┏━━

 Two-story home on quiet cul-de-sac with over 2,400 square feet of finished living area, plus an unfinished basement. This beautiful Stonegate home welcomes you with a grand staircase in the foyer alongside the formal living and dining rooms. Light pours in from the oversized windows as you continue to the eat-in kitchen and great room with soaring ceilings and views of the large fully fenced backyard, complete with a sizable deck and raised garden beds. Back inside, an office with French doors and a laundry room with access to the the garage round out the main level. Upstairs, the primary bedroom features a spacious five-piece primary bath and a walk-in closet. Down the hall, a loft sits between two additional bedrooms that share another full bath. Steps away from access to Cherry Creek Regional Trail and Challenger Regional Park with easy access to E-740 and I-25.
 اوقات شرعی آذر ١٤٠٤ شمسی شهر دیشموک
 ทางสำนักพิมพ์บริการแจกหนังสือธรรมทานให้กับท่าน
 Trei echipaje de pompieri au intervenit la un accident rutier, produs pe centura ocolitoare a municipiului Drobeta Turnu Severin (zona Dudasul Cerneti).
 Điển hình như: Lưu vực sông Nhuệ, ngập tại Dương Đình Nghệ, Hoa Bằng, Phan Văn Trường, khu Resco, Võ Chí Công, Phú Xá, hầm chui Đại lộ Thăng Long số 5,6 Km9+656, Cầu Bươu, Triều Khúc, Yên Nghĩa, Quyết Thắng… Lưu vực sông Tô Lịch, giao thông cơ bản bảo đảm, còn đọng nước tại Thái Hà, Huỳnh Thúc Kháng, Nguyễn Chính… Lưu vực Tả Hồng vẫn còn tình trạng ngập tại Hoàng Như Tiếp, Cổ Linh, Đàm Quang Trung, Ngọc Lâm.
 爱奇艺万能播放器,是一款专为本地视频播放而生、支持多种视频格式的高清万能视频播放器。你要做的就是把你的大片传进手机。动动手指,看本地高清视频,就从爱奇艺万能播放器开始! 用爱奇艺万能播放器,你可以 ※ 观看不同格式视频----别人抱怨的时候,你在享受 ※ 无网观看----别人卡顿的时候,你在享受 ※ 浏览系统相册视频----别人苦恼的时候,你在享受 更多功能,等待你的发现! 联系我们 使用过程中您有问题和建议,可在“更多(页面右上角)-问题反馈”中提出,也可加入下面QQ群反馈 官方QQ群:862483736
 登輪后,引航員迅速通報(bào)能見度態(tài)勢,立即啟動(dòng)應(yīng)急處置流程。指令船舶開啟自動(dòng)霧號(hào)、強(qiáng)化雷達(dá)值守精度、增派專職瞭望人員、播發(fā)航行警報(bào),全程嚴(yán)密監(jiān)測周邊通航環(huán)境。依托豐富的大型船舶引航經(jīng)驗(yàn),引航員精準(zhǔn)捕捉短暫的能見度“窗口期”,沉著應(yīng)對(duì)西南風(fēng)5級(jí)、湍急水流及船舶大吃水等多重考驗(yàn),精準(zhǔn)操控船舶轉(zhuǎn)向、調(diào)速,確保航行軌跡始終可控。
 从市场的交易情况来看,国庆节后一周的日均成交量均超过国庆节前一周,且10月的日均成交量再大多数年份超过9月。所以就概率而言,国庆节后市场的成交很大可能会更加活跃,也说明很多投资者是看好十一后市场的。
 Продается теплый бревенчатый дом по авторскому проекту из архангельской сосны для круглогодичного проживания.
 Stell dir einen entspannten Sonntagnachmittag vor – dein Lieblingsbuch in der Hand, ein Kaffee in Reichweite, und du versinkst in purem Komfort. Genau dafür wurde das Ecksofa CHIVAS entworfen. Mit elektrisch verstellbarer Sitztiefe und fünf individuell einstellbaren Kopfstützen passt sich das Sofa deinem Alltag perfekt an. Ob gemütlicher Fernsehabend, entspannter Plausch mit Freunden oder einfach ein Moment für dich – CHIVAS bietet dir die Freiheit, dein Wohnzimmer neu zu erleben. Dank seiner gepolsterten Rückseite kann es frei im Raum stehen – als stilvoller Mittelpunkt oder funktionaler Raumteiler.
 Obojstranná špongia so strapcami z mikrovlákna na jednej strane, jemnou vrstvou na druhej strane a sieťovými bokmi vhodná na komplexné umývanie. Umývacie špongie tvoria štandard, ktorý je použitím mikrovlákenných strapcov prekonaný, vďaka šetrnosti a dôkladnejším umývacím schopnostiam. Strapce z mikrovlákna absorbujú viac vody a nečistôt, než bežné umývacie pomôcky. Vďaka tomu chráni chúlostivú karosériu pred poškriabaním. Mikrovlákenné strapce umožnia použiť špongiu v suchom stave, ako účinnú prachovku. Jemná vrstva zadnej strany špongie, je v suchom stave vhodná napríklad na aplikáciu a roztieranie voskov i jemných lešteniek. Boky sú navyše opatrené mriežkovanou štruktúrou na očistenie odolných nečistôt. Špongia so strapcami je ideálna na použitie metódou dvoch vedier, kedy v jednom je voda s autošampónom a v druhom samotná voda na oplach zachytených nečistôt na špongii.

┗━━

### Exercise goal
Every entry is to be returned exactly, with nothing dropped.

### Completed task
 Two-story home on quiet cul-de-sac with over 2,400 square feet of finished living area, plus an unfinished basement. This beautiful Stonegate home welcomes you with a grand staircase in the foyer alongside the formal living and dining rooms. Light pours in from the oversized windows as you continue to the eat-in kitchen and great room with soaring ceilings and views of the large fully fenced backyard, complete with a sizable deck and raised garden beds. Back inside, an office with French doors and a laundry room with access to the the garage round out the main level. Upstairs, the primary bedroom features a spacious five-piece primary bath and a walk-in closet. Down the hall, a loft sits between two additional bedrooms that share another full bath. Steps away from access to Cherry Creek Regional Trail and Challenger Regional Park with easy access to E-740 and I-25.
 اوقات شرعی آذر ١٤٠٤ شمسی شهر دیشموک
 ทางสำนักพิมพ์บริการแจกหนังสือธรรมทานให้กับท่าน
 Trei echipaje de pompieri au intervenit la un accident rutier, produs pe centura ocolitoare a municipiului Drobeta Turnu Severin (zona Dudasul Cerneti).
 Điển hình như: Lưu vực sông Nhuệ, ngập tại Dương Đình Nghệ, Hoa Bằng, Phan Văn Trường, khu Resco, Võ Chí Công, Phú Xá, hầm chui Đại lộ Thăng Long số 5,6 Km9+656, Cầu Bươu, Triều Khúc, Yên Nghĩa, Quyết Thắng… Lưu vực sông Tô Lịch, giao thông cơ bản bảo đảm, còn đọng nước tại Thái Hà, Huỳnh Thúc Kháng, Nguyễn Chính… Lưu vực Tả Hồng vẫn còn tình trạng ngập tại Hoàng Như Tiếp, Cổ Linh, Đàm Quang Trung, Ngọc Lâm.
 爱奇艺万能播放器,是一款专为本地视频播放而生、支持多种视频格式的高清万能视频播放器。你要做的就是把你的大片传进手机。动动手指,看本地高清视频,就从爱奇艺万能播放器开始! 用爱奇艺万能播放器,你可以 ※ 观看不同格式视频----别人抱怨的时候,你在享受 ※ 无网观看----别人卡顿的时候,你在享受 ※ 浏览系统相册视频----别人苦恼的时候,你在享受 更多功能,等待你的发现! 联系我们 使用过程中您有问题和建议,可在“更多(页面右上角)-问题反馈”中提出,也可加入下面QQ群反馈 官方QQ群:862483736
 登輪后,引航員迅速通報(bào)能見度態(tài)勢,立即啟動(dòng)應(yīng)急處置流程。指令船舶開啟自動(dòng)霧號(hào)、強(qiáng)化雷達(dá)值守精度、增派專職瞭望人員、播發(fā)航行警報(bào),全程嚴(yán)密監(jiān)測周邊通航環(huán)境。依托豐富的大型船舶引航經(jīng)驗(yàn),引航員精準(zhǔn)捕捉短暫的能見度“窗口期”,沉著應(yīng)對(duì)西南風(fēng)5級(jí)、湍急水流及船舶大吃水等多重考驗(yàn),精準(zhǔn)操控船舶轉(zhuǎn)向、調(diào)速,確保航行軌跡始終可控。
 从市场的交易情况来看,国庆节后一周的日均成交量均超过国庆节前一周,且10月的日均成交量再大多数年份超过9月。所以就概率而言,国庆节后市场的成交很大可能会更加活跃,也说明很多投资者是看好十一后市场的。
 Продается теплый бревенчатый дом по авторскому проекту из архангельской сосны для круглогодичного проживания.
 Stell dir einen entspannten Sonntagnachmittag vor – dein Lieblingsbuch in der Hand, ein Kaffee in Reichweite, und du versinkst in purem Komfort. Genau dafür wurde das Ecksofa CHIVAS entworfen. Mit elektrisch verstellbarer Sitztiefe und fünf individuell einstellbaren Kopfstützen passt sich das Sofa deinem Alltag perfekt an. Ob gemütlicher Fernsehabend, entspannter Plausch mit Freunden oder einfach ein Moment für dich – CHIVAS bietet dir die Freiheit, dein Wohnzimmer neu zu erleben. Dank seiner gepolsterten Rückseite kann es frei im Raum stehen – als stilvoller Mittelpunkt oder funktionaler Raumteiler.
 Obojstranná špongia so strapcami z mikrovlákna na jednej strane, jemnou vrstvou na druhej strane a sieťovými bokmi vhodná na komplexné umývanie. Umývacie špongie tvoria štandard, ktorý je použitím mikrovlákenných strapcov prekonaný, vďaka šetrnosti a dôkladnejším umývacím schopnostiam. Strapce z mikrovlákna absorbujú viac vody a nečistôt, než bežné umývacie pomôcky. Vďaka tomu chráni chúlostivú karosériu pred poškriabaním. Mikrovlákenné strapce umožnia použiť špongiu v suchom stave, ako účinnú prachovku. Jemná vrstva zadnej strany špongie, je v suchom stave vhodná napríklad na aplikáciu a roztieranie voskov i jemných lešteniek. Boky sú navyše opatrené mriežkovanou štruktúrou na očistenie odolných nečistôt. Špongia so strapcami je ideálna na použitie metódou dvoch vedier, kedy v jednom je voda s autošampónom a v druhom samotná voda na oplach zachytených nečistôt na špongii.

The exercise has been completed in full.